Suppose two robots are in two rooms, connected by a network with differing one-way latencies as shown in the graphic below. When robot A sends a message to robot B it takes 3 seconds for it to arrive, but when robot B sends a message to robot A it takes 1 second to arrive. The latencies never vary.

The robots are identical and do not have a shared clock, though they can measure the passage of time (e.g. they have stop watches). They do not know which of them is robot A (whose messages are delayed 3s) and which is robot B (whose messages are delayed by 1s).

A protocol to discover the round trip time is:

whenReceive(TICK).then(send TOCK)

// Wait for other other robot to wake up
send READY
await READY
send READY

// Measure RTT
t0 = startStopWatch()
send TICK
await TOCK
t1 = stopStopWatch()
rtt = t1 - t0  //ends up equalling 4 seconds

Is there a protocol to determine the one way trip delays? Can the robots discover which of them has the longer message sending delay?

Two robots one asymmetric network

Solution

The following diagram, from a blog post I wrote, is a visual proof that it's impossible:

Sliding the clock skew exactly offset by latency asymmetry

Notice how the packet arrival times on each side stay the same, even as the one-way latencies change (and even become negative!). The first packet always reaches the server at 1.5s on the server's clock, the second always reaches the client at 2s on the client's clock, etc. The packet contents and local arrival times are the only things a protocol could be based on, but the contents and arrival times can be held constant as the asymmetry varies by also varying the initial clock skew.

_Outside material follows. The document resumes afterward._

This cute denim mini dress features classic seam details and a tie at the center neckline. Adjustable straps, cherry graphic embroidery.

Basically, asymmetry in the one-way latencies looks exactly like clock skew. Since the problem states we don't start off knowing the initial clock skew or the one-way latency asymmetry, and varying one looks like varying the other so their effects are indistinguishable, we can't separate their contributions in order to solve for the one-way latency asymmetry. It's impossible.

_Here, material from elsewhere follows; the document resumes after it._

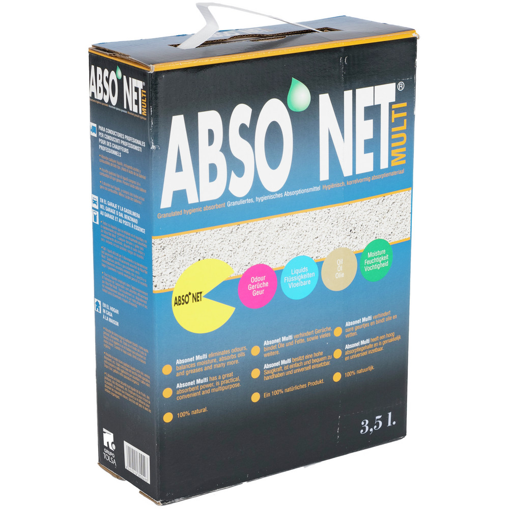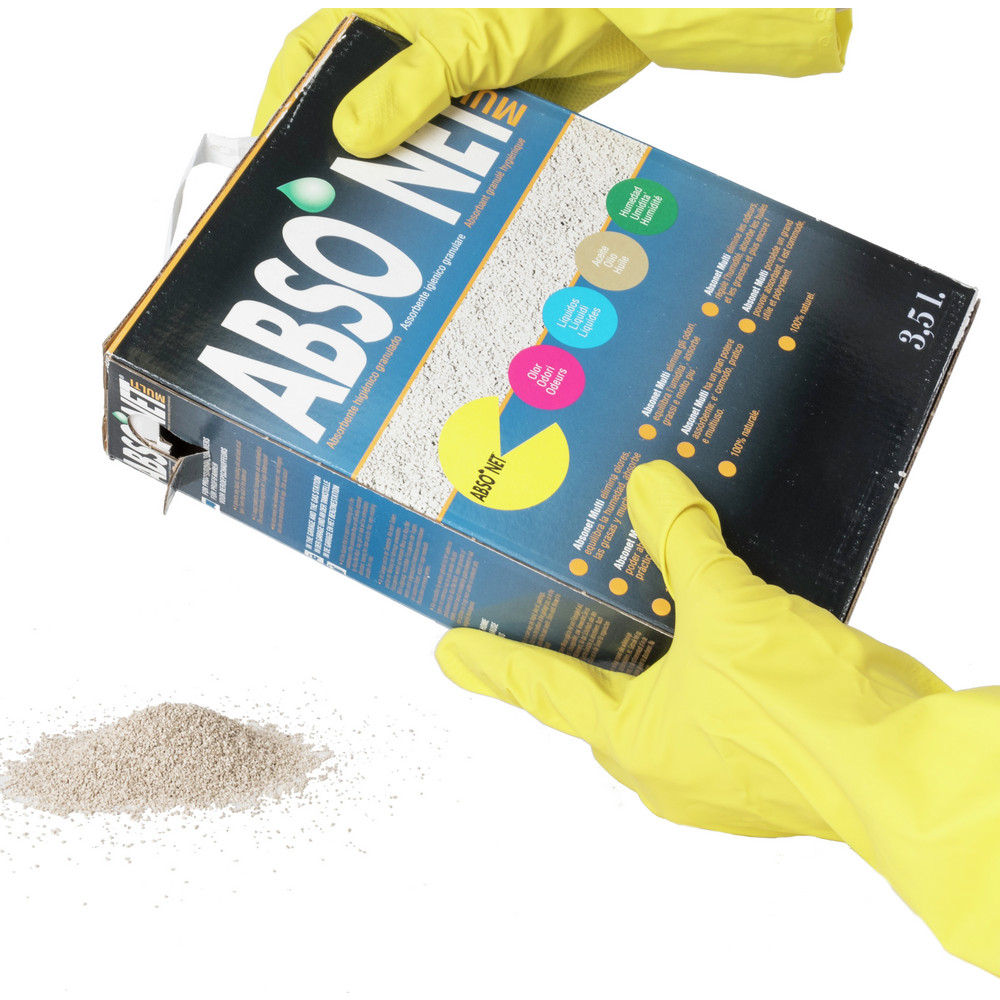 Absorbtiekorrels Absonet 3,5lt in een strooi-doos.

More formally, you can't solve for edge lengths when given only the lengths of the cycles. The cycle basis has $n-1$ degrees of freedom, corresponding to $n-1$ unknown clock skews relative to one of the participants. You can always hide the one-way latencies, even when there are many participants:

Sea sickness

If you're not so visually inclined, I have another intuitive argument. Imagine a time portal to a hundred years in the future. As you chat across it to someone on the other side, you realize the conversation is totally normal despite the hundred year asymmetry in one-way delays. Any observable effect would have been obvious on that scale!

OTHER TIPS

I think it is impossible to figure out one-way latency just by comparing stopwatches.

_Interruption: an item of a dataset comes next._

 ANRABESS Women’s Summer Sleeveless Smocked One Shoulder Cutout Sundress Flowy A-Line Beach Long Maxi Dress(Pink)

$A$ sends $B$ his clock $C_{A1}$, let's say its value is 5.
$B$ acknowledges the message at time $C_{B1}=1$
$A$ sends his clock again, $C_{A2}=9$ (initial + round-trip latency).
$B$ receives at time $C_{B2}=5$.
And so on. Neither $A$ or $B$ can figure out when the other robot received a message with respect to their watches.

Maybe if you make it a bounty question someone will crack it. Until then, kudos.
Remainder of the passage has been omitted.